Discussion of the seven highest peaks

We have examined the seven most important peaks in our data set and interesting anomalies arise in philosophy of science. In two of these peak years, the most cited author, Thomas Kuhn, is cited most frequently for a book rather than an article. Indeed, in all but one of the seven peaks it is a book that is the most cited source. Philosophy of science thus appears to be a book-driven discipline. In the first peak in the data set we analyzed, we encounter another anomaly. The most frequently cited author, Albert Einstein, is not even a philosopher, and his contributions are contributions to physics, not philosophy of science. His most cited articles from 1905 were very stimulating articles for philosophers thinking about science.

So the peaks in philosophy of science do not only appear to be a consequence of the publication of key articles in the philosophy of science. The seven highest peaks between 1900 and 1970 are tied to books and scientific articles that report scientific findings that are philosophically interesting. In this respect, philosophy of science is quite different from other fields, specifically fields in the natural sciences.

Discussion

The RPYS method is based on an analysis of the frequency with which references are cited in the publications in a specific research field by publication year. The origins show up in the form of more or less pronounced peaks mostly caused by individual historical publications which are cited particularly frequently. The RPYS can only indicate the possible origins. Intellectual influences are not always manifest in cited references. A second step is required in which experts verify which publications genuinely played a significant part in a research field. When those publications which resulted in a peak are identified, each of them should be reviewed for their significance in the particular research field and what contribution they made. RPYS is a very simple method which can be applied in different disciplines.

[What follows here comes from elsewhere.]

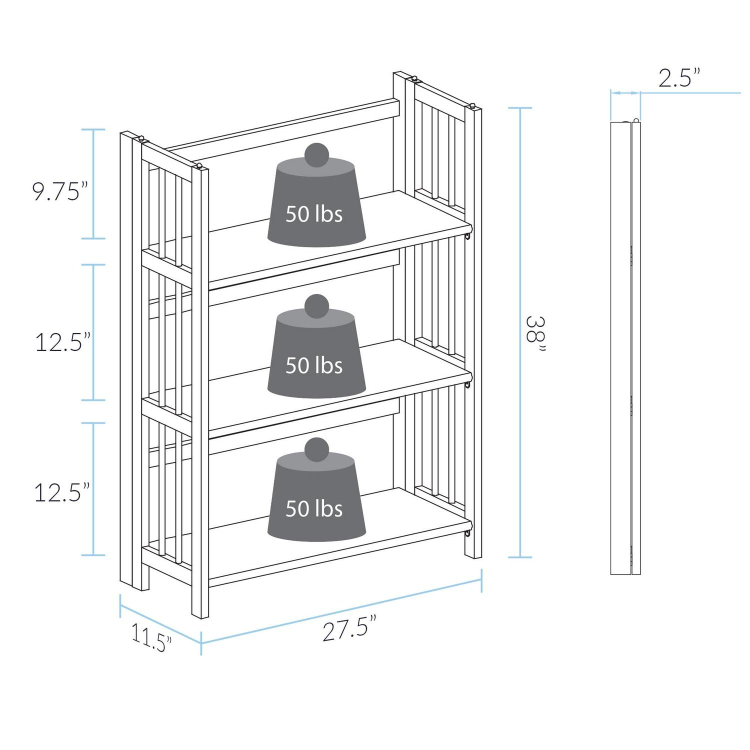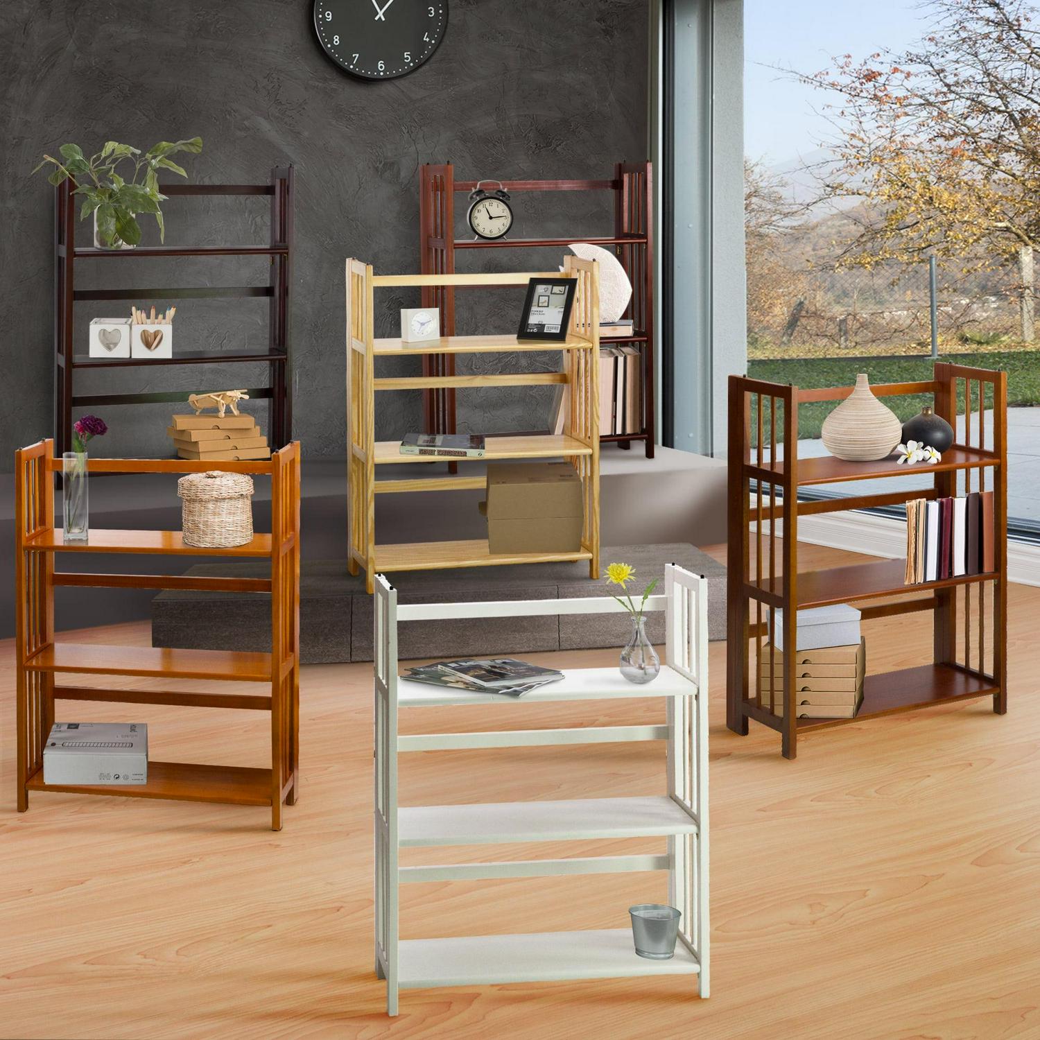 3-Shelf Folding Stackable Bookcase 27.5″ Wide-Espresso

We have employed RPYS in a novel way in this paper. We did not only use it to identify the most cited publications, but also to identify the most cited authors. Further, this is, as far as we know, the first application of RPYS to a sub-field in the humanities.

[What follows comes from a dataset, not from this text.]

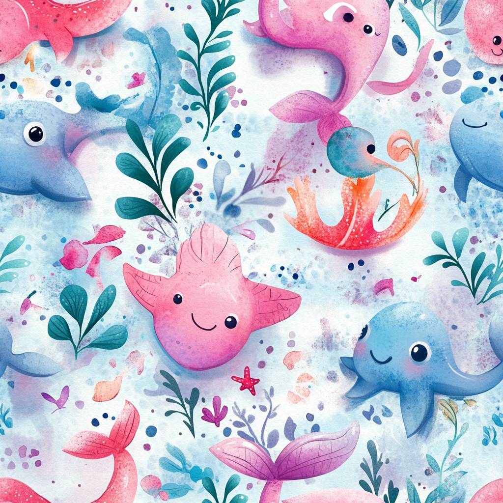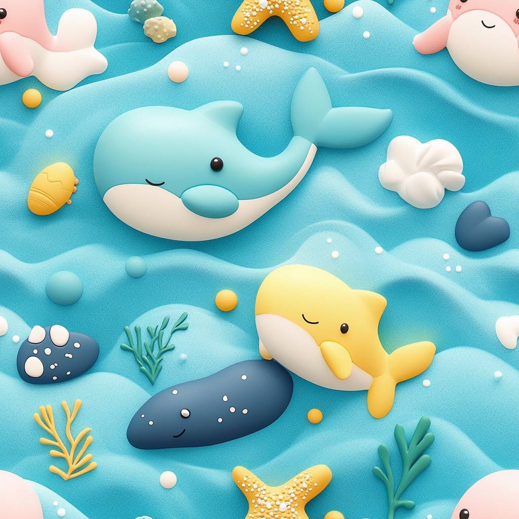 The color is very bright. Seamless 3D high-definition cartoon pattern with marine plant patterns. The spring and summer color scheme features five to six vibrant and adorable 3D cartoon marine animals, placed on a dreamy, clean, and soft random light color watercolor background to create a strong 3D feel. They are placed in different directions with cute 3D decorations next to them.high resolution,1080P,8K,good aerial control,high detail --chaos 15 --ar 1:1 --tile --style raw --v 6.1

Our findings alert us to differences in the ways various academic research cultures behave, as manifested in their publication and citation practices. Unlike the natural sciences, in philosophy of science books still play a crucial role in scholarship. Kuhn’s Structure of Scientific Revolutions was partially responsible for not one, but two of the highest citation peaks in the scholarly literature in philosophy of science (1962 and 1970). Books were also responsible for the peaks in 1949, 1950, 1957, and 1965.

An additional anomaly in philosophy of science was identified with the first peak we examined. This peak was due to the many citations to articles published by Albert Einstein in 1905. These articles are not strictly speaking contributions to philosophy of science. But as important contributions to physics, they have become the objects of great interest to philosophers of science. Einstein ushered in revolutionary changes in physics, and such changes are of great interest to philosophers of science.

Our preliminary study is intended, in part, to showcase the value of this relatively new method, RPYS. Employing this method, we have also uncovered a number of interesting aspects of the epistemic culture of philosophy of science.

Alternative methods to the RPYS for analysing historical papers are the methods of co-citation analysis, bibliographic coupling, and direct citations in consideration of research fronts (Boyack and Klavans 2010) and also a method called “algorithmic historiography” (Garfield 2001; Garfield et al. 2003; Leydesdorff 2010). The HistCite™ software developed by Alexander Pudovkin and Eugene Garfield (http://garfield.library.upenn.edu/algorithmichistoriographyhistcite.html) enables the establishment of the citation graph (sometimes called historiogram or historiograph) which visualizes the citation network among publication sets, including historical papers. The RPYS is simpler than the alternatives and does not reveal the citation network of the historical papers. The method only reveals quantitatively which historical papers are of particular interest for the specific research field or topic.